▶ _How to complete this task_:
Please restate the data below word for word, omitting all images.

▶ _Input data_:
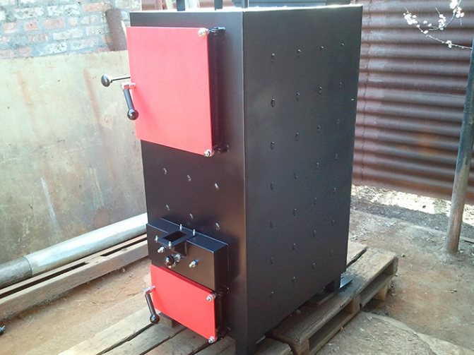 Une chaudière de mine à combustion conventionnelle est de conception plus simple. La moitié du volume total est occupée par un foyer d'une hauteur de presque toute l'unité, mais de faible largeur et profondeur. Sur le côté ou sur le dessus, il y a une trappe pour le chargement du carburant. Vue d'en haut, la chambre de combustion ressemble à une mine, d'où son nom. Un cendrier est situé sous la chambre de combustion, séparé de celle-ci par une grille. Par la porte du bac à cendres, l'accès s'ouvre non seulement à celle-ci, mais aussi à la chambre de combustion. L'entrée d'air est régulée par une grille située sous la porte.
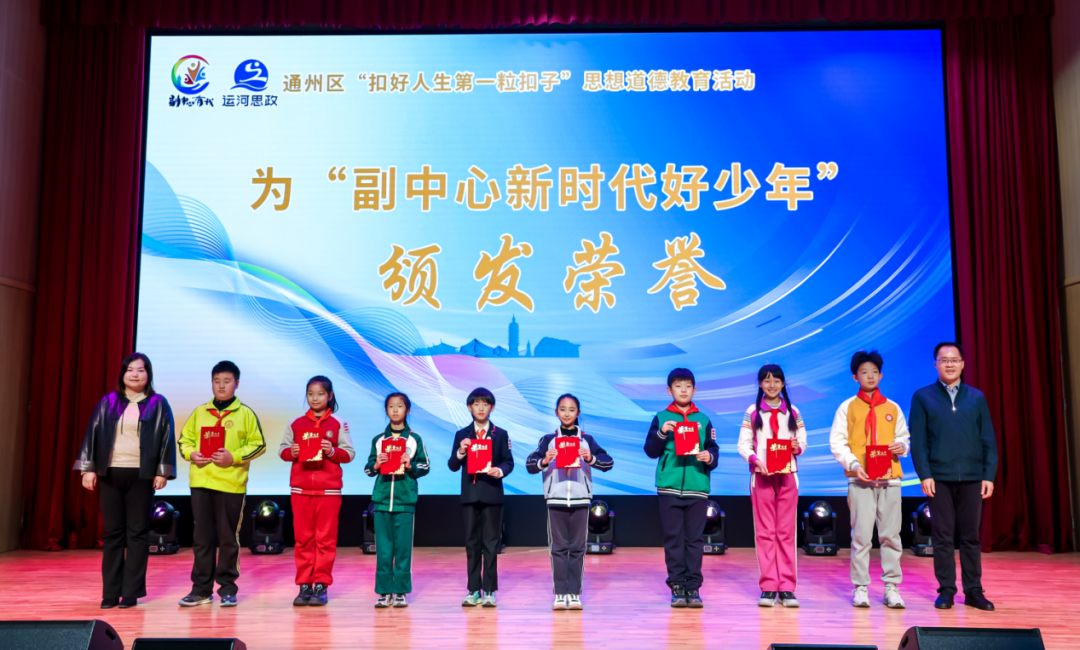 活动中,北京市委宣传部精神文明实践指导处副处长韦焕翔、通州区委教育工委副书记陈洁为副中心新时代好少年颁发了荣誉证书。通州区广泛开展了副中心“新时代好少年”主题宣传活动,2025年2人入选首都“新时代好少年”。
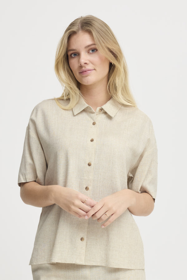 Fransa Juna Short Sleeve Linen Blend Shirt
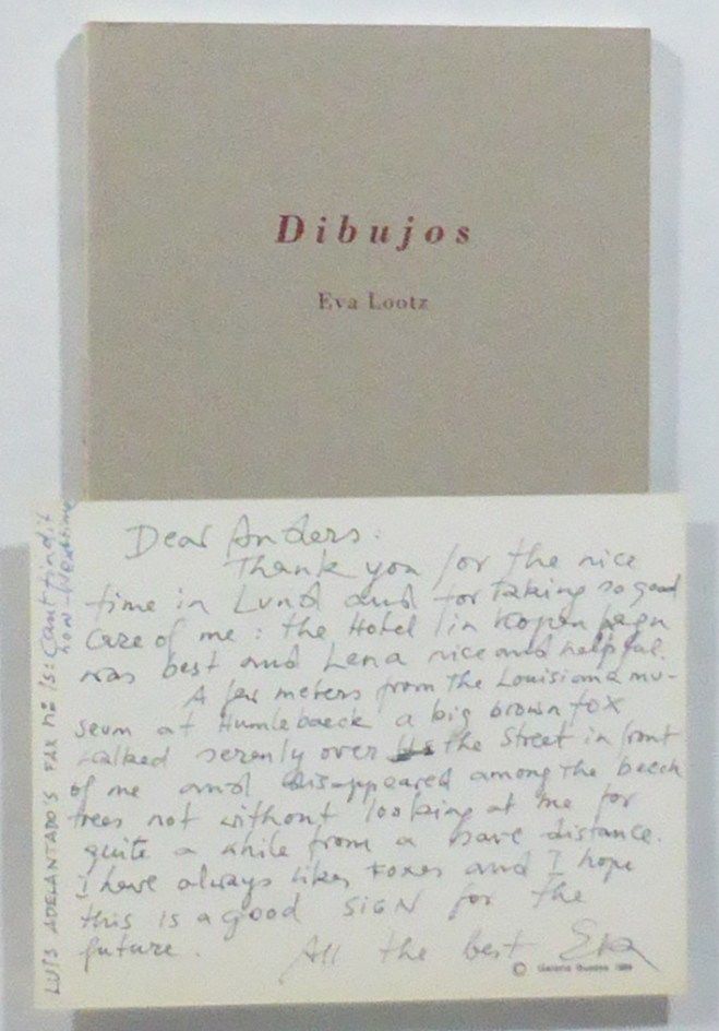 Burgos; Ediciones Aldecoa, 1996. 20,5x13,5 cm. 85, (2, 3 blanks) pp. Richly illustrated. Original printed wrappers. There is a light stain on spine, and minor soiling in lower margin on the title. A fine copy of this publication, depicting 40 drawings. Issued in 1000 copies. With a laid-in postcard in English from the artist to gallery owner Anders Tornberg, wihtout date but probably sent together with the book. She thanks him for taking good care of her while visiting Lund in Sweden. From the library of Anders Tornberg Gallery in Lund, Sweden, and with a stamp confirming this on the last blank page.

▶ _Solution to the exercise_:
 Une chaudière de mine à combustion conventionnelle est de conception plus simple. La moitié du volume total est occupée par un foyer d'une hauteur de presque toute l'unité, mais de faible largeur et profondeur. Sur le côté ou sur le dessus, il y a une trappe pour le chargement du carburant. Vue d'en haut, la chambre de combustion ressemble à une mine, d'où son nom. Un cendrier est situé sous la chambre de combustion, séparé de celle-ci par une grille. Par la porte du bac à cendres, l'accès s'ouvre non seulement à celle-ci, mais aussi à la chambre de combustion. L'entrée d'air est régulée par une grille située sous la porte.
 活动中,北京市委宣传部精神文明实践指导处副处长韦焕翔、通州区委教育工委副书记陈洁为副中心新时代好少年颁发了荣誉证书。通州区广泛开展了副中心“新时代好少年”主题宣传活动,2025年2人入选首都“新时代好少年”。
 Fransa Juna Short Sleeve Linen Blend Shirt
 Burgos; Ediciones Aldecoa, 1996. 20,5x13,5 cm. 85, (2, 3 blanks) pp. Richly illustrated. Original printed wrappers. There is a light stain on spine, and minor soiling in lower margin on the title. A fine copy of this publication, depicting 40 drawings. Issued in 1000 copies. With a laid-in postcard in English from the artist to gallery owner Anders Tornberg, wihtout date but probably sent together with the book. She thanks him for taking good care of her while visiting Lund in Sweden. From the library of Anders Tornberg Gallery in Lund, Sweden, and with a stamp confirming this on the last blank page.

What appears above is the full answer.